Hi again - I completely understand Grizz - and we all fall in to our harsh realities from time to time and feel the "why me's?' and or 'poor me's'. You have the right and so do we all. But like your Mom, you rally and rise up and value all that is and move from what may or perhaps will be.
I thouhgt of you and your Mom last night and I wanted to say that I also felt that even in the shadows of vision your graceful Mom saw beauty and hope and truth beyond words - and you as well - have that gift of looking through the shadows and finding a glimmer of hope. I look for the flicker in the darkest of times - and I have found that it is always there. Hang on to that flicker and I will too, and even if it gets really dark and you lose sight of it for a moment it is still there.
Love to you
Gail
peace....

Grizz………… said...

Gail…

I am just overwhelmed by your lovely, wise, and kind words. Thank you.

And you're absolutely right—for a lot of us, now and then something crops up and the self-pitying and whining begins. I know this, see it in others, don't like it in myself. Yet for the life of me, I can't help but do it anyway. Disgusting! And doubtless disgusting to others. Really, if it weren't such a self-absorbed, pathetically weak, patently human, and entirely predictable reaction, it would be laughable…except we're invariably too busy crying to every living soul in our personal world about how "big bad life has dealt so unfairly with poor old me! Again!"

Mom simply didn't go there. She wasn't merely being stoic or meek…she just didn't complain. Mom picked her battles, adressed only what could be changed. She had sense enough to know that anger and self-pity resolved nothing, that it didn't make any difference to those situations which were set, absolute, unchangeable. Instead, she realized the right course of action began with acceptance of the facts—and after that summoned the courage to deal with whatever she faced to the best of her abilities.

Grace and courage…and a wealth of practical and uncommon "common" sense.

The way she grew up, there was never time or place for anything else.
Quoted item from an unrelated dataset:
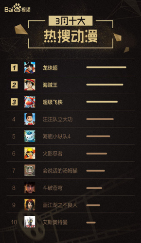 3月,注定是动漫经典作品的春天。龙珠正统续集《龙珠超》回归榜单第一名的宝座,动漫经典《海贼王》《火影忍者》持续热播;颇感意外的是《熊出没》跌出TOP10榜单;BBC热播海洋探险动画《海底小纵队4》跃上榜单TOP5,热播黑马《汪汪队立大功》月度播放碾压《火影忍者》。《海底小纵队》和《汪汪队立大功》两部学龄前动漫的热播,显现“幼儿潮”热度犹在。而根据影视周边数据表现看,《海底小纵队4》近期还催热了海洋馆、水族公园等衍生经济。值得一提的是,国漫佳作《画江湖之不良人》作为漫画IP,还带火了同名网剧,真人加动画在虚实之间给观众全新的体验。动漫周边的一系列动作,也从侧面反映了动漫IP衍生产业链的逐渐成熟。

Life was right there, raw, coming at you full force—with the consequences of your actions immediate. Regardless of the news or issues they faced, no one in her family ever took time for dithering to engage in the "why me?" syndrome. And neither did my father, or his people, for that matter.

So, you'd think I'd be better, huh? There is, as you say, always that flicker…

I love that image. Thank you again.

Jayne said...

My mom has Fuchs' Dystrophy, so there is a chance that either my sister or I might also have this disorder. It can wax and wane, but can also lead to total blindness without a corneal transplant. So, I feel your trepidation my friend, and fully understand wanting to be proactive about treatment while you can. I suppose none of us is guaranteed anything, and vision is a gift, which is why I know the importance of taking time to pause and ponder the beauty all around me each and every day. Blessings to you.

Grizz………… said...

Jayne…

Nope, life doesn't come with a guarantee of either good health or extended years. And in a way, I'm glad, because that makes it even more vital to never waste a single precious moment—to always take the time to notice and enjoy the beauty and wonder all around, find joy in the everyday, laugh as much as possible, live with honor and humility and compassion, understand grace, seek peace, and never ever pass up an opportunity of telling those you love how much you care. I pray that neither you nor your sister have your eyesight troubled by such a terrible disorder.